Below is the seed file used to forge/build the genome:
Package: BSgenome.Glamblia.GiardiaDB.35
Title: Genome sequence for Giardia lamblia (GiardiaDB version 35)
Version: 0.1.0
License: GPL
Description: BSGenome compatible Giardia genome for use in CleanupDTSeq package
Author: D.Y.Bilodeau
Maintainer: D.Y.Bilodeau <danielle.bilodeau@ucdenver.edu>
organism: Giardia lamblia
common_name: Giardia
provider: GiardiaDB
provider_version: 35
release_date: 2017-08-15
release_name: release-35
source_url: http://giardiadb.org/common/downloads/release-35/GintestinalisAssemblageAWB/fasta/data/
organism_biocview: Giardia_lamblia
BSgenomeObjname: Glamblia
seqs_srcdir: /Users/DanB/R/BSGenome
seqnames: paste("gl", "34", sep = "")
Is there a way to forge the genome that would make it compatible with this package? There also seems to be an issue with the use of gsub above where there is no x argument (I believe this line comes from the "getUpstreamSequence" function.
Below is my session info.
Thanks!
> sessionInfo()
R version 3.5.2 (2018-12-20)
Platform: x86_64-apple-darwin15.6.0 (64-bit)

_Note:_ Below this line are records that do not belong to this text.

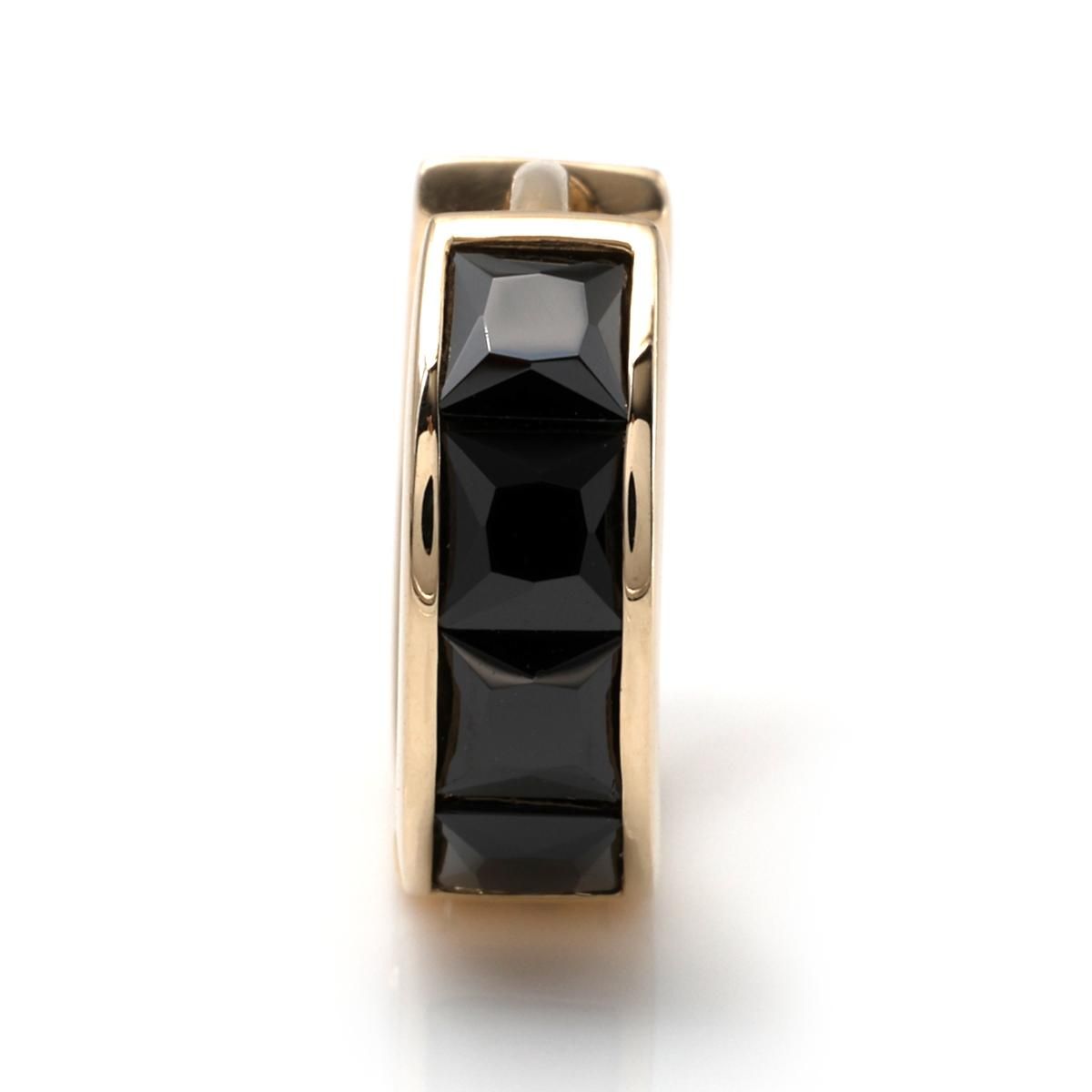 程よい大きさのフープピアスは、男女問わず着用できる万能な逸品です。ブラックジルコニアの輝きが魅力のデザインです。
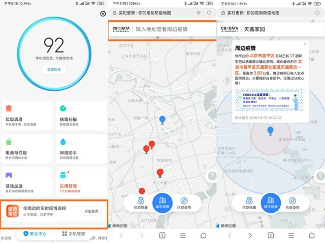 小米MIUI 11手机上线新功能 自带疫情雷达
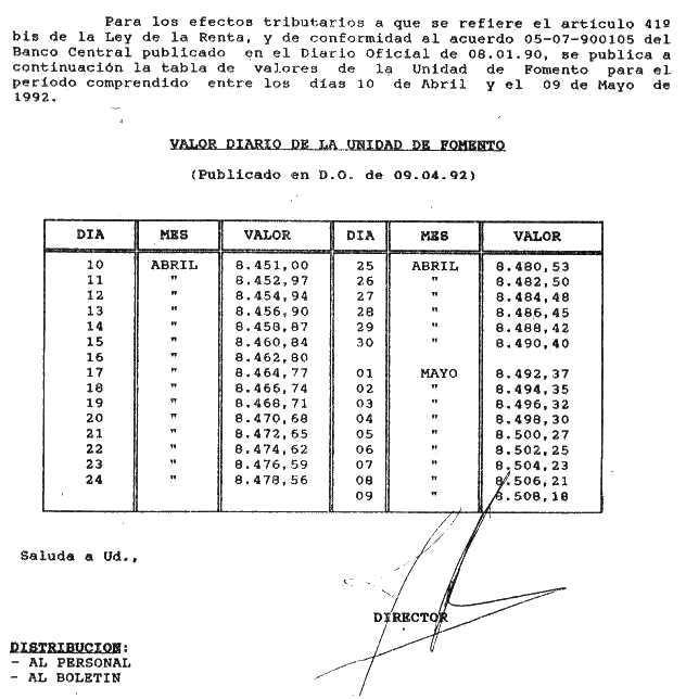 MATERIA: OPERACIONES DE CRÉDITO DE DINERO - VALOR DE LA UNIDAD DE FOMENTO PARA LOS DÍAS COMPRENDIDOS ENTRE EL 10 DE ABRIL Y EL 09 DE MAYO DE 1992
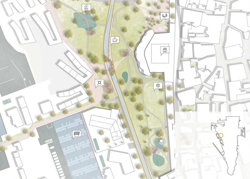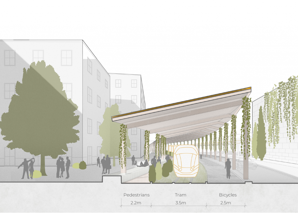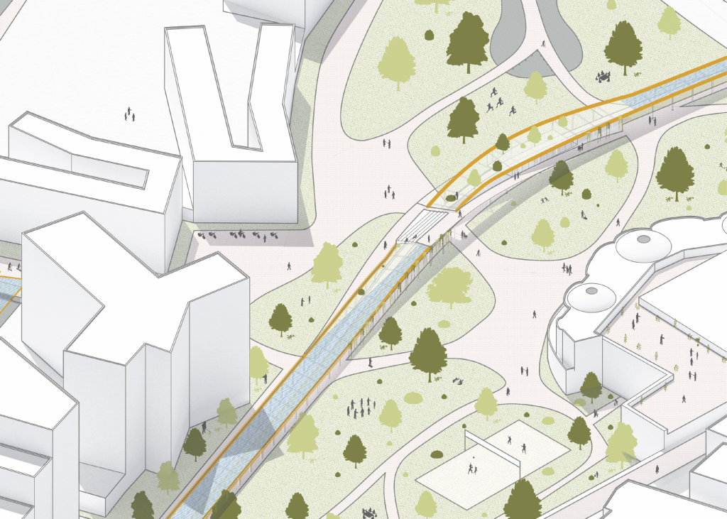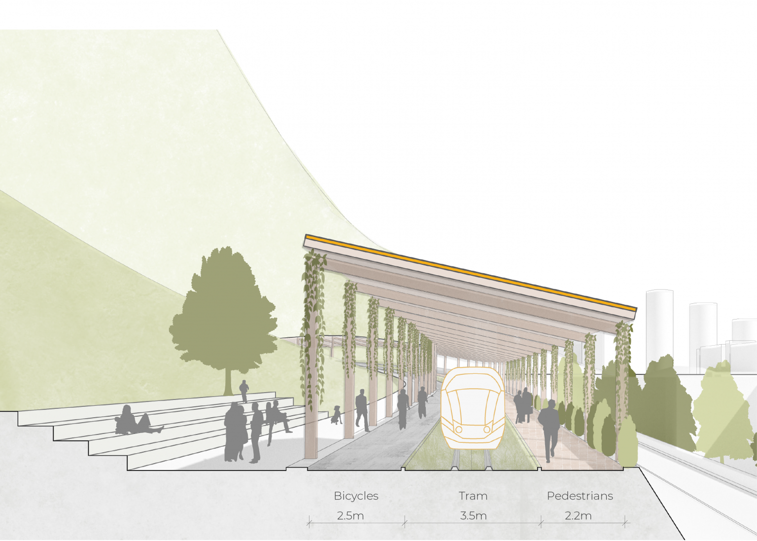 Beyond mobility, the ring railway functions as a structural backbone for further urban development. It enables the integration of green spaces, supports compact and mixed-use development, and creates opportunities for decentralized energy production along the route. The project demonstrates how infrastructure can act as a catalyst for ecological, spatial, and social transformation.
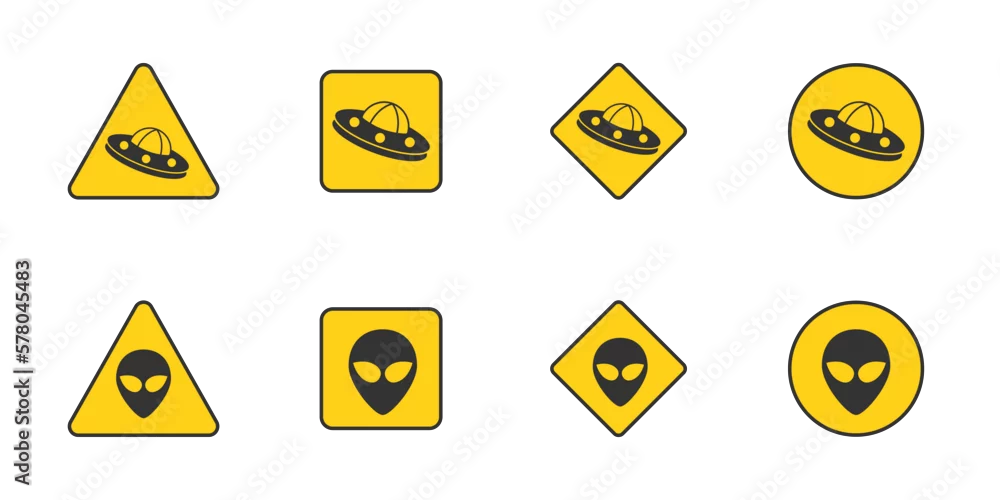 Danger UFO sign set. Aliens warning road signs. Flat vector illustration.
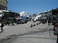 Auf der Passhöhe gibt’s alles, was das Herz begehrt: Restaurants, Hotels, Skiverleihe und auch Trödelbuden. Ganz abgesehen davon natürlich eine Menge Biker, die es sich da oben gut gehen lassen und die Aussicht genießen.
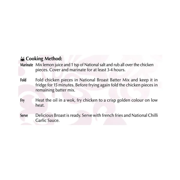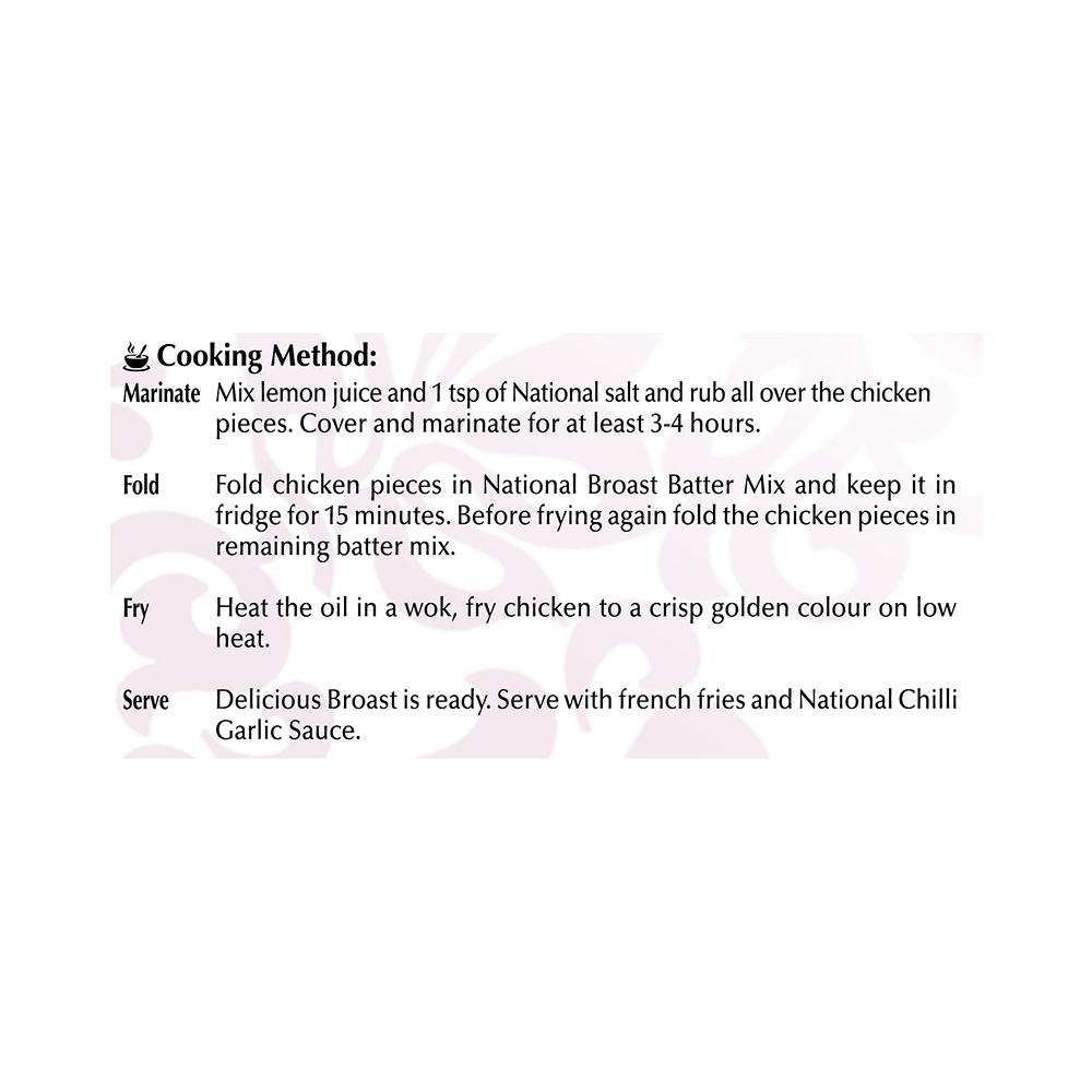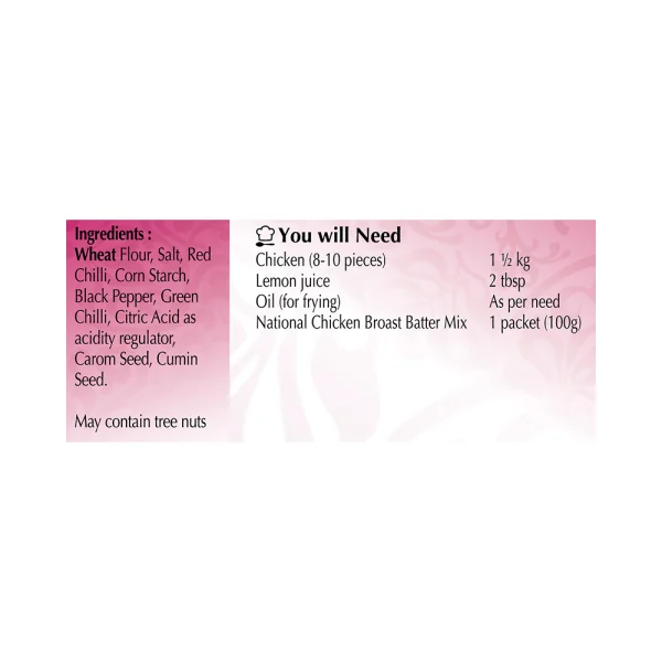 National Chicken Broast Batter Mix is for batter coated fried chicken is specially made by a panel of experts, using aromatic spices and the finest ingredients in exactly the right measure. It will enable you to cook delicious meals with ease that you and your loved ones can relish each day.
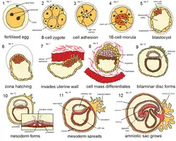 - Implantation to gastrulation - The three germ layers are formed and the cells start migrating out to initiate organogenesis. This is most sensitive stage for alcohol toxicity.[5]
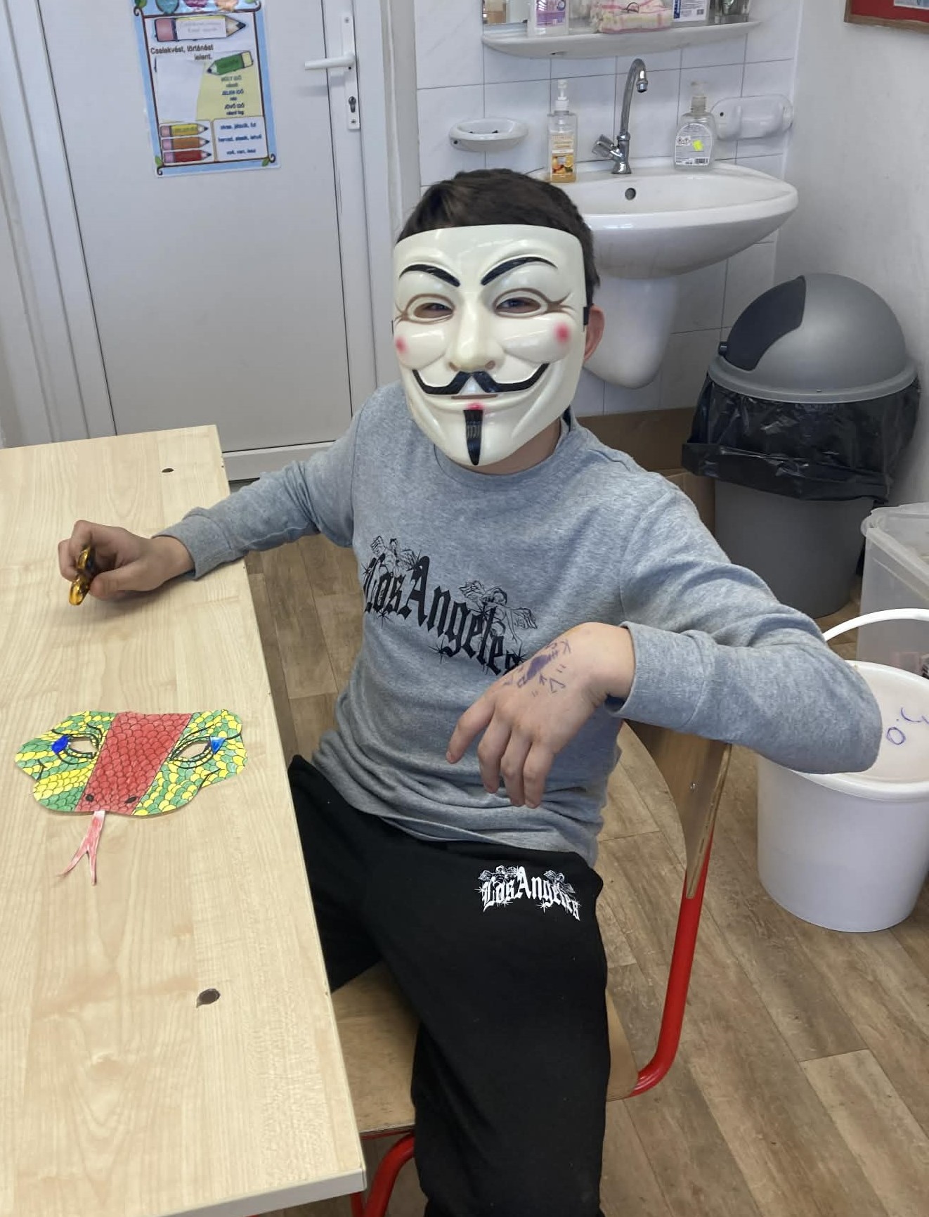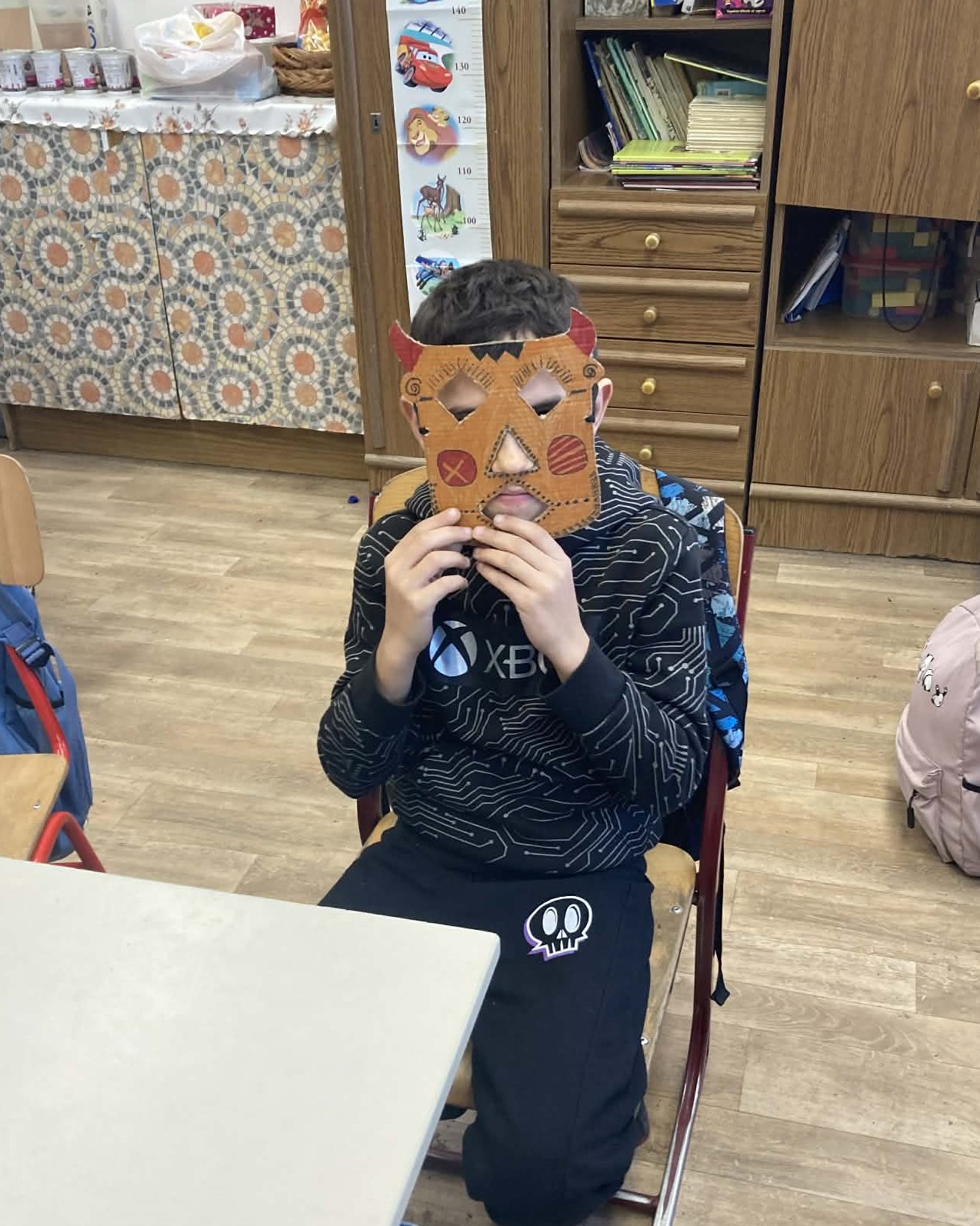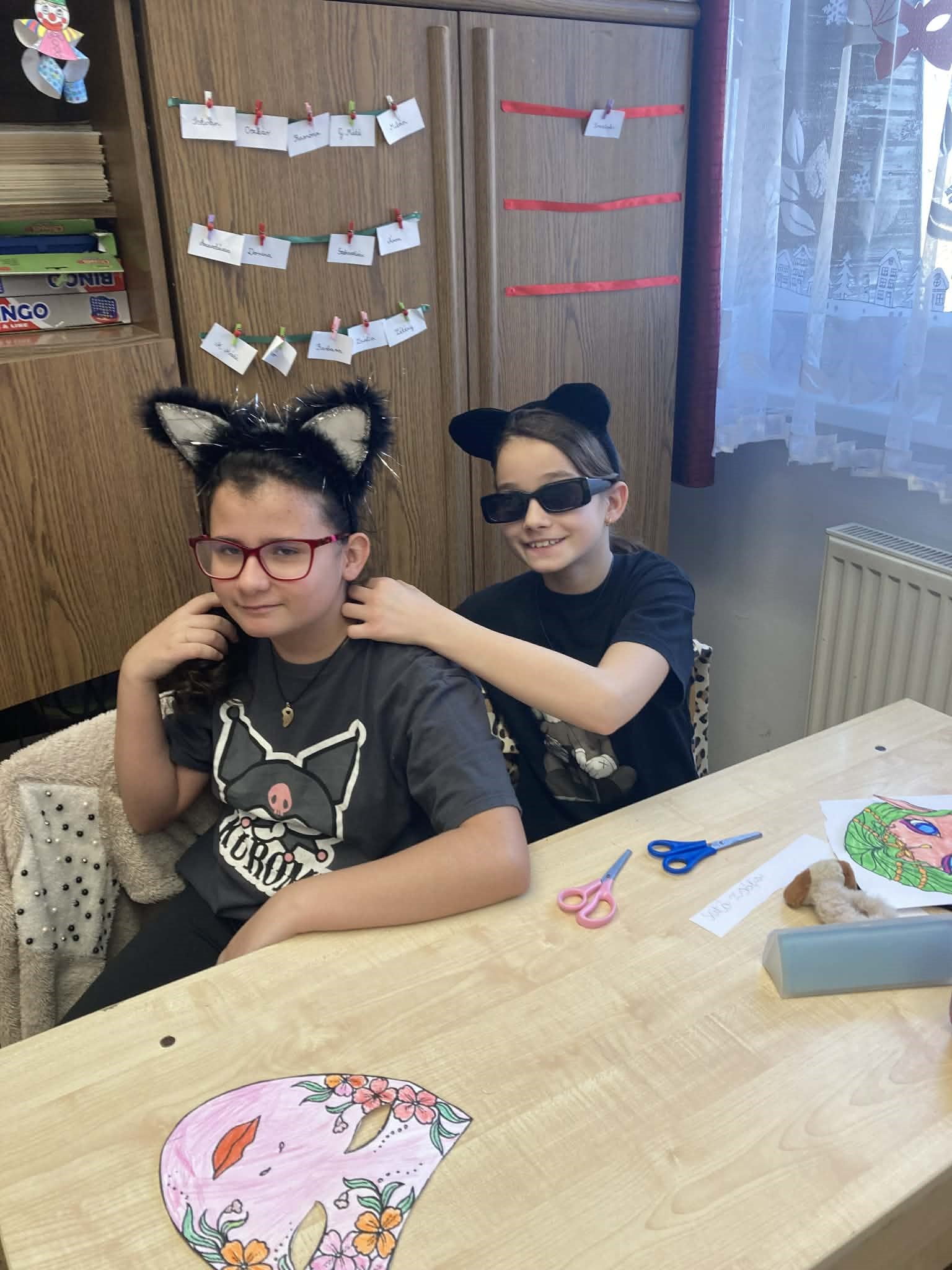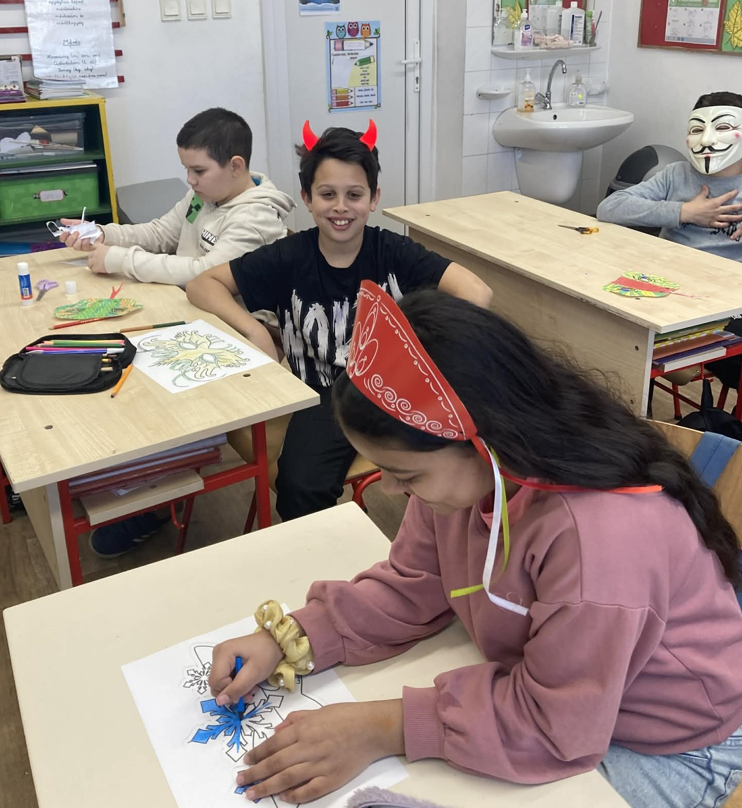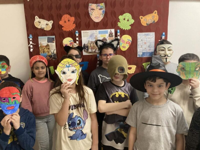 A gyerekekkel sorra vettük mindennapi nehézségeiket, melyek megoldásához összegyüjtöttünk pár nagyon hasznos praktikát. A beszélgetés során mindenki választhatott magának egy farsangi álarcot, attól függően, hogy kinek vagy minek a bőrébe bújva érzi magát bátrabbnak, őszintének esetleg legyőzhetetlennek. Míg ők a kiválasztott álarcot színezték, felolvastam nekik A széttáncolt cipellők című mesét.A mesehallgatás után záporoztak az ötletek, hogy ki mihez kezdene, ha lenne egy láthatatlanná tévő köpenye.

Running under: macOS Mojave 10.14.3
Matrix products: default
BLAS: /System/Library/Frameworks/Accelerate.framework/Versions/A/Frameworks/vecLib.framework/Versions/A/libBLAS.dylib
LAPACK: /Library/Frameworks/R.framework/Versions/3.5/Resources/lib/libRlapack.dylib
locale:
[1] en_CA.UTF-8/en_CA.UTF-8/en_CA.UTF-8/C/en_CA.UTF-8/en_CA.UTF-8
attached base packages:
[1] stats4 parallel stats graphics grDevices utils datasets methods base
other attached packages:
[1] BSgenome.Glamblia.GiardiaDB.35_0.1.0 cleanUpdTSeq_1.20.0 e1071_1.7-0.1 seqinr_3.4-5 BSgenome.Drerio.UCSC.danRer7_1.4.0
[6] BSgenome_1.50.0 rtracklayer_1.42.1 Biostrings_2.50.2 XVector_0.22.0 GenomicRanges_1.34.0
[11] GenomeInfoDb_1.18.1 IRanges_2.16.0 S4Vectors_0.20.1 BiocGenerics_0.28.0
loaded via a namespace (and not attached):
[1] knitr_1.21 MASS_7.3-51.1 zlibbioc_1.28.0 GenomicAlignments_1.18.1 BiocParallel_1.16.5 lattice_0.20-38 tools_3.5.2
[8] SummarizedExperiment_1.12.0 grid_3.5.2 Biobase_2.42.0 xfun_0.4 class_7.3-15 matrixStats_0.54.0 ade4_1.7-13
[15] yaml_2.2.0 Matrix_1.2-15 GenomeInfoDbData_1.2.0 bitops_1.0-6 RCurl_1.95-4.11 DelayedArray_0.8.0 compiler_3.5.2
Hi Julie,
Here's the output:
Danielle,
If you look at the seqnames column, you will see that your peak ranges are located in different chromosomes such as GLCHR03 and GL50803. In order to obtain sequence from these different chromosomes, the BSgenome needs to have the matched chromosome name. Dose it make sense? Thanks!
Best regards,
Julie
Hi Julie,
It definitely makes sense, but I'm not sure why the BSgenome wouldn't have those chromosome names. The seqnames in the GRange object were taken directly from the same genome I used to forge the BSgenome.
I suppose my question then is, where does the BSgenome obtain the chromosome names from? Does it read them directly from the fasta file provided and could an issue with the fasta file itself be causing this?
Thanks,
Danielle
Danielle,
I believe your guess is correct, i.e., it reads the chromosome names directly from the fasta file provided. There are probably issues with the fasta file itself. You can open the fasta file to see what is the first line.
Alternatively, you can use grep to find all the chromosome names in the fasta file.
more yourfastafile |grep ">"
Best,
Julie
Thanks for the grep tip! Here's what I get when I look for ">" in my fasta file (I removed the middle lines to make it shorter):
It looks like all the chromosome names are there. If I understand correctly, the BSgenome should then have all the seqnames, correct?
Thanks for continuing to work with me on this!
Danielle
Danielle,
You will need to remove anything after | and any spaces before that.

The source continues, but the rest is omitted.